> _WHAT IS REQUIRED_:
Take the records below and set down exactly the lines from the one with "First of all, very" to the one with "Ванна устанавливается строго", ends included; do not copy the pictures.

> _TASK INPUTS_:
· · ·

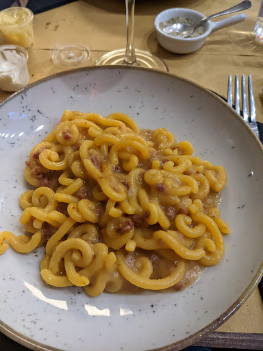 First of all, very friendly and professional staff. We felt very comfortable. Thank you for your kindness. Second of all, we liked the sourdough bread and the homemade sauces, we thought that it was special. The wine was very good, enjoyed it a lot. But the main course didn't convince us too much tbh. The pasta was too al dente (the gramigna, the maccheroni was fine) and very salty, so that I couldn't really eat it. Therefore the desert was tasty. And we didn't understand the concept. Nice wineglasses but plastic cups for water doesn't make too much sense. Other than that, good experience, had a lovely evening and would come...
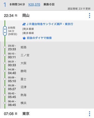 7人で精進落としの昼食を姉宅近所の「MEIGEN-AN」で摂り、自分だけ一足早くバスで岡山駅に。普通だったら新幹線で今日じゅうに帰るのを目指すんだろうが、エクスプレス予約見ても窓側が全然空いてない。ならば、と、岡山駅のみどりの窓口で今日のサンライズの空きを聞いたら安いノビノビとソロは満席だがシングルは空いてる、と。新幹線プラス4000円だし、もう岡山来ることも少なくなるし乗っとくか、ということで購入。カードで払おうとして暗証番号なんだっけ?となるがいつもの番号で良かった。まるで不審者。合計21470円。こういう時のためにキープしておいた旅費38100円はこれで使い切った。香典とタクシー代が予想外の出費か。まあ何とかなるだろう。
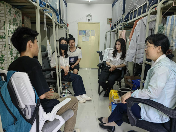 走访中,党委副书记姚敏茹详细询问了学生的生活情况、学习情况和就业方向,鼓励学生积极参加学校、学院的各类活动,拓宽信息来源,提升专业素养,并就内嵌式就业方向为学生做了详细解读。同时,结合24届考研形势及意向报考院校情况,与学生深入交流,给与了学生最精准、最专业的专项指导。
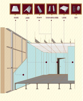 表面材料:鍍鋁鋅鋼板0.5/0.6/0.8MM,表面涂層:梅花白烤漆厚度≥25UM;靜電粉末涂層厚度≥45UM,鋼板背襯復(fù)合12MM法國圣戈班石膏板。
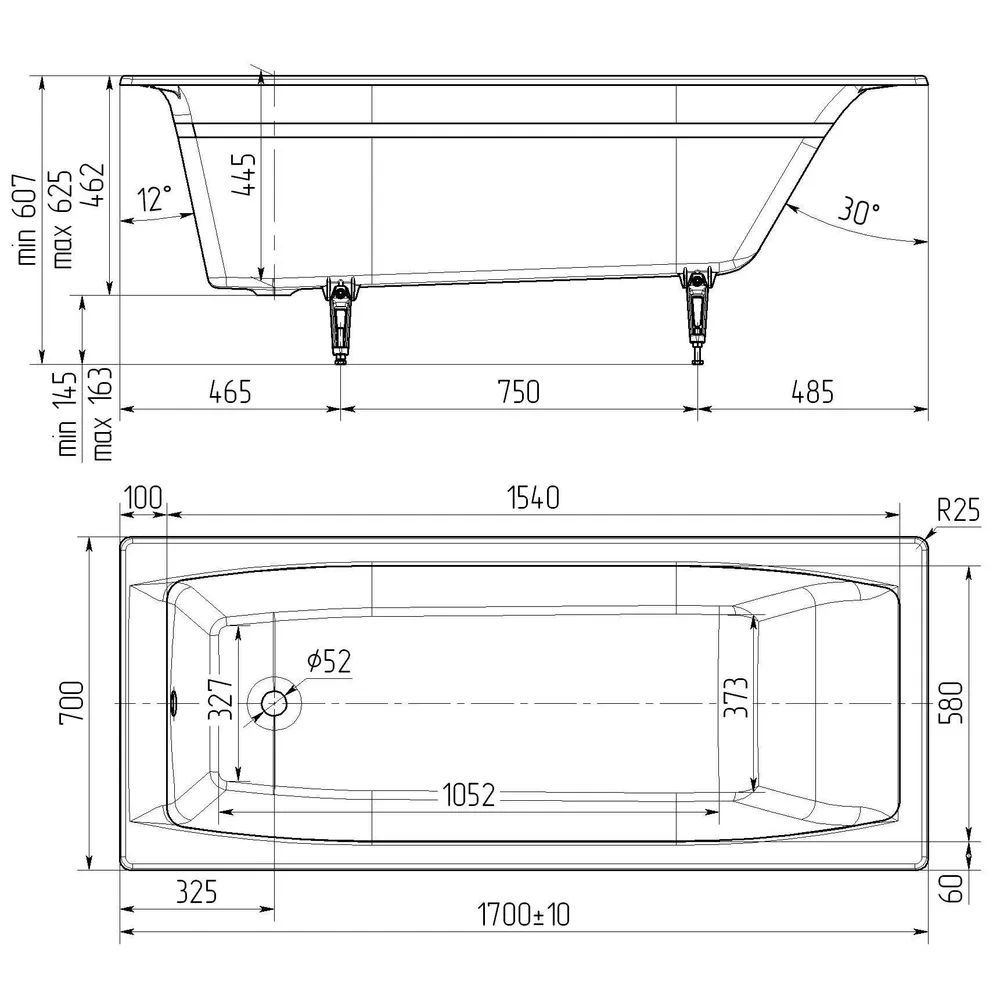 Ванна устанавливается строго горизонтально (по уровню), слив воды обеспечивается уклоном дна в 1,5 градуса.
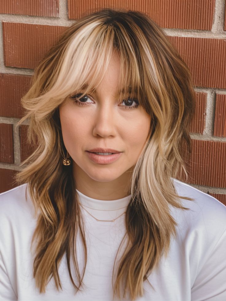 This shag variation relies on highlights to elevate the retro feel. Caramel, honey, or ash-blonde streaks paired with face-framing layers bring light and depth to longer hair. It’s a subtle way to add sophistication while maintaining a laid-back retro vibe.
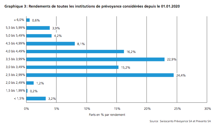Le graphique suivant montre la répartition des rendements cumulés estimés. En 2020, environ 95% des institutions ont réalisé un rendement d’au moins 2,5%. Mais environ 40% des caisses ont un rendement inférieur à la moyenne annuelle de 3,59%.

· · ·

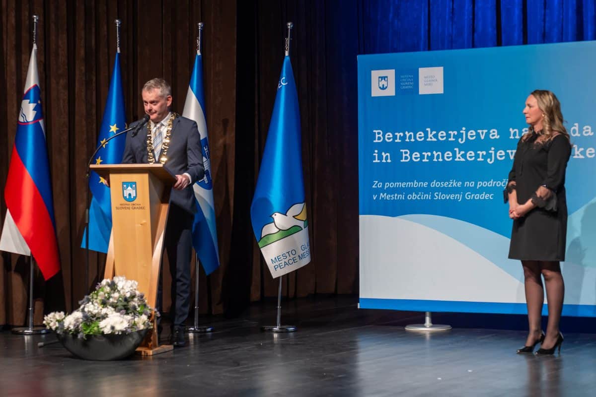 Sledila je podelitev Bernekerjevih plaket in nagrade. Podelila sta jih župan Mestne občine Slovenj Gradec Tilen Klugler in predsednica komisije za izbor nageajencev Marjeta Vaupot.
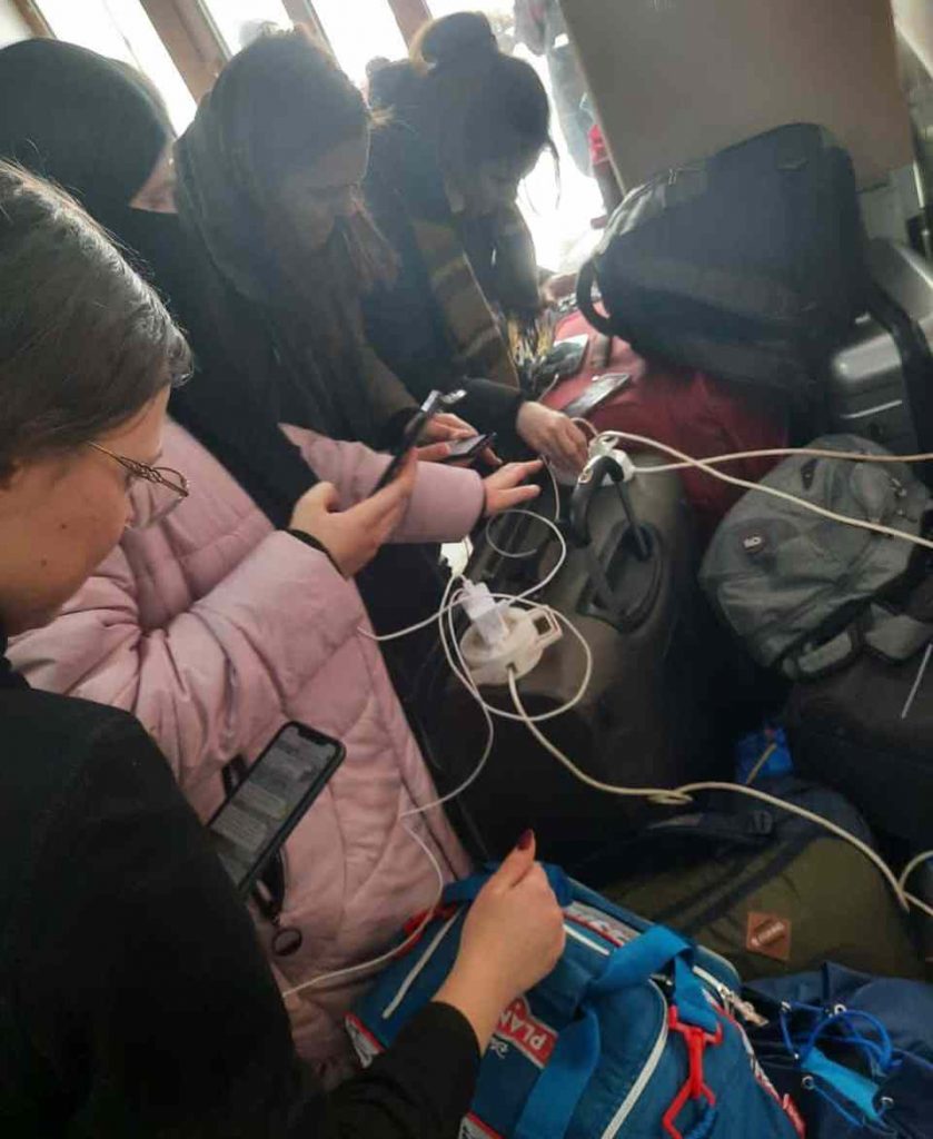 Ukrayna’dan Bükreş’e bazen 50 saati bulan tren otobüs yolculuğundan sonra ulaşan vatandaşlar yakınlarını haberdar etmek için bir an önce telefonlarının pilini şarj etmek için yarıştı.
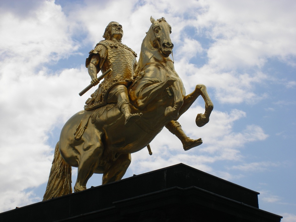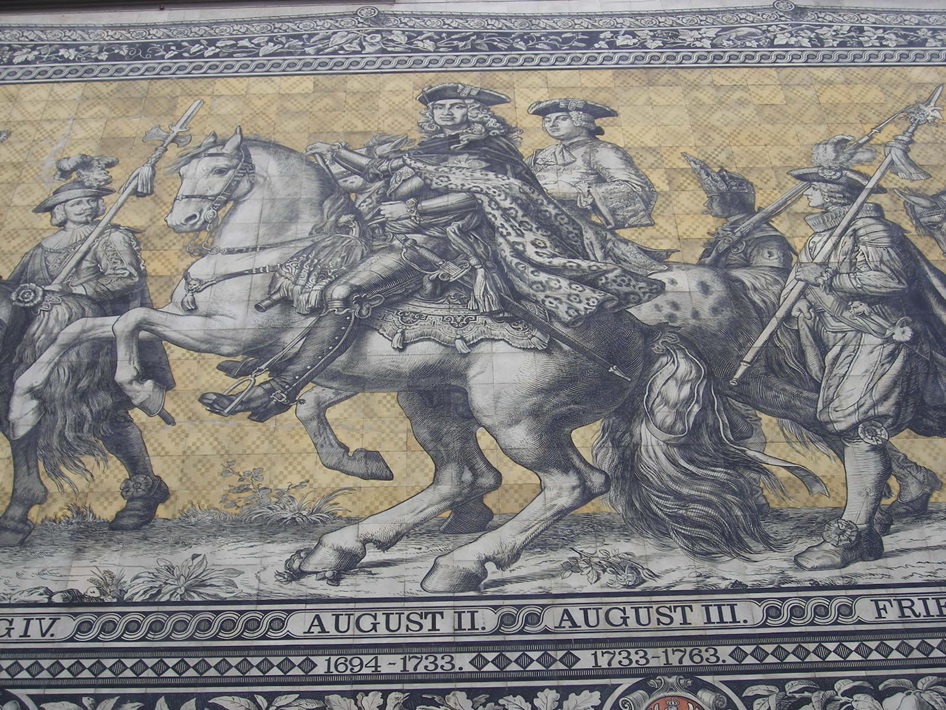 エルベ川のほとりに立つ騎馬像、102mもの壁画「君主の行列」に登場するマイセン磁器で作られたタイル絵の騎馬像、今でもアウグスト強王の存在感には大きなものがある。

· · ·

> _RESPONSE AREA_:
 First of all, very friendly and professional staff. We felt very comfortable. Thank you for your kindness. Second of all, we liked the sourdough bread and the homemade sauces, we thought that it was special. The wine was very good, enjoyed it a lot. But the main course didn't convince us too much tbh. The pasta was too al dente (the gramigna, the maccheroni was fine) and very salty, so that I couldn't really eat it. Therefore the desert was tasty. And we didn't understand the concept. Nice wineglasses but plastic cups for water doesn't make too much sense. Other than that, good experience, had a lovely evening and would come...
 7人で精進落としの昼食を姉宅近所の「MEIGEN-AN」で摂り、自分だけ一足早くバスで岡山駅に。普通だったら新幹線で今日じゅうに帰るのを目指すんだろうが、エクスプレス予約見ても窓側が全然空いてない。ならば、と、岡山駅のみどりの窓口で今日のサンライズの空きを聞いたら安いノビノビとソロは満席だがシングルは空いてる、と。新幹線プラス4000円だし、もう岡山来ることも少なくなるし乗っとくか、ということで購入。カードで払おうとして暗証番号なんだっけ?となるがいつもの番号で良かった。まるで不審者。合計21470円。こういう時のためにキープしておいた旅費38100円はこれで使い切った。香典とタクシー代が予想外の出費か。まあ何とかなるだろう。
 走访中,党委副书记姚敏茹详细询问了学生的生活情况、学习情况和就业方向,鼓励学生积极参加学校、学院的各类活动,拓宽信息来源,提升专业素养,并就内嵌式就业方向为学生做了详细解读。同时,结合24届考研形势及意向报考院校情况,与学生深入交流,给与了学生最精准、最专业的专项指导。
 表面材料:鍍鋁鋅鋼板0.5/0.6/0.8MM,表面涂層:梅花白烤漆厚度≥25UM;靜電粉末涂層厚度≥45UM,鋼板背襯復(fù)合12MM法國圣戈班石膏板。
 Ванна устанавливается строго горизонтально (по уровню), слив воды обеспечивается уклоном дна в 1,5 градуса.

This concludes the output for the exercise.